Bagong Mountain in Shouxian County is located in the middle of Anhui Province, the south bank of the middle reaches of Huaihe River and the north of Shouxian County. Huainan was a country in the Western Han Dynasty, and the spring water at the foot of the mountain was full of light, clear and sweet. Shouchun area is rich in soybeans. Since ancient times, villagers have used spring water in the mountains to grind beans and drink soybean milk.

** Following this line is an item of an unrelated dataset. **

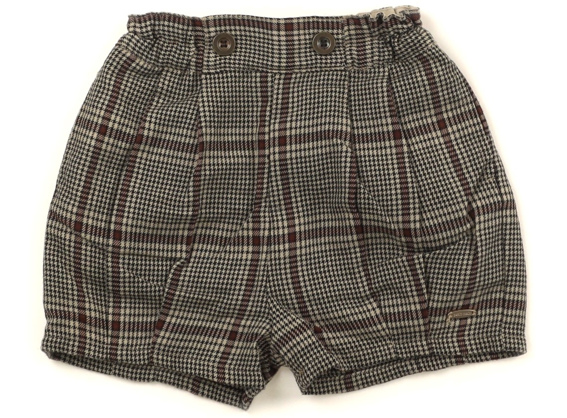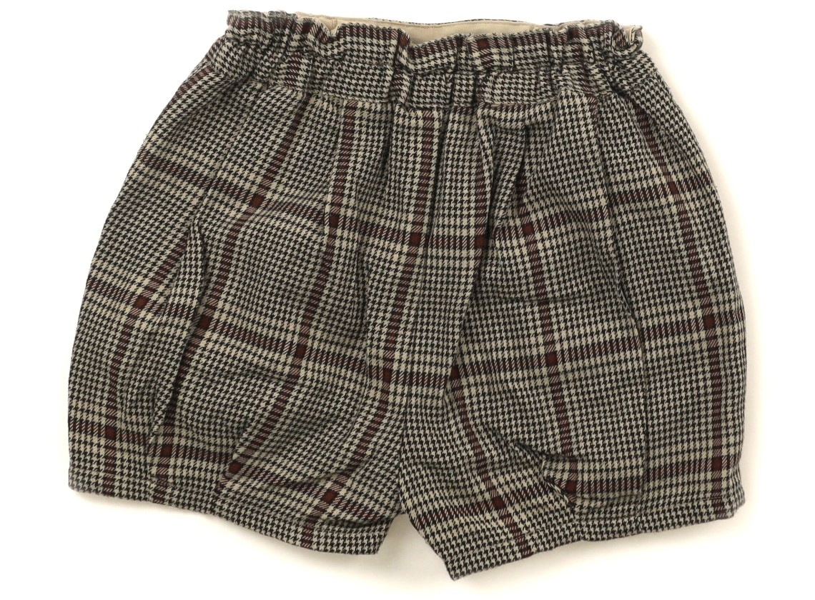 ポリエステル・レーヨン素材。裏地付き。ウエストは半分ゴムです。ブランドチャームの留め糸が緩んでいます。やや毛羽立ちがあります。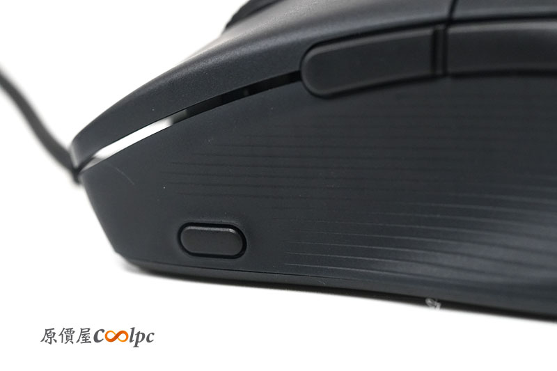 而滑鼠的 DPI 檔位調整,也是設計在滑鼠左側偏鼠頭的位置,這次相對少見的設計喔。

Liu An, the king of Huainan (BC 177- 122), had a mother who liked to eat soybeans. Once my mother couldn't eat the whole soybean because of illness, so Liu An had the soybean ground into powder. Afraid that the powder was too dry, she rushed into some water to boil it into soybean milk, and afraid that it was tasteless, she put some brine. The result turned into a lump, which is tofu flower.
Huainan Wang's mother was very happy to eat it, and her condition improved, so tofu was handed down. The making of tofu was invented by Liu An when he organized alchemy. Alchemists used many minerals and inorganic salts in alchemy, and occasionally found that gypsum or other salts could solidify soybean milk into tofu.
Tips for purchasing tofu
Take a piece of tofu and observe it directly under scattered light. Traditional tofu is even milky white or light yellow, with a slight luster. Synthetic tofu is much whiter and dimmer than traditional tofu because of the addition of white pigment. There may also be waterlines, bubbles, fine particles, etc.
Traditional tofu can feel some elasticity when pressed by hand, and its hardness is moderate. Synthetic tofu is rough in section, not delicate in texture and poor in elasticity, and there is no white tofu liquid flowing out.
Smell directly at room temperature. Traditional tofu is made of soybeans and has the smell of soybeans. Synthetic tofu is made of soy protein isolate, which tastes very light and even smells like chemicals.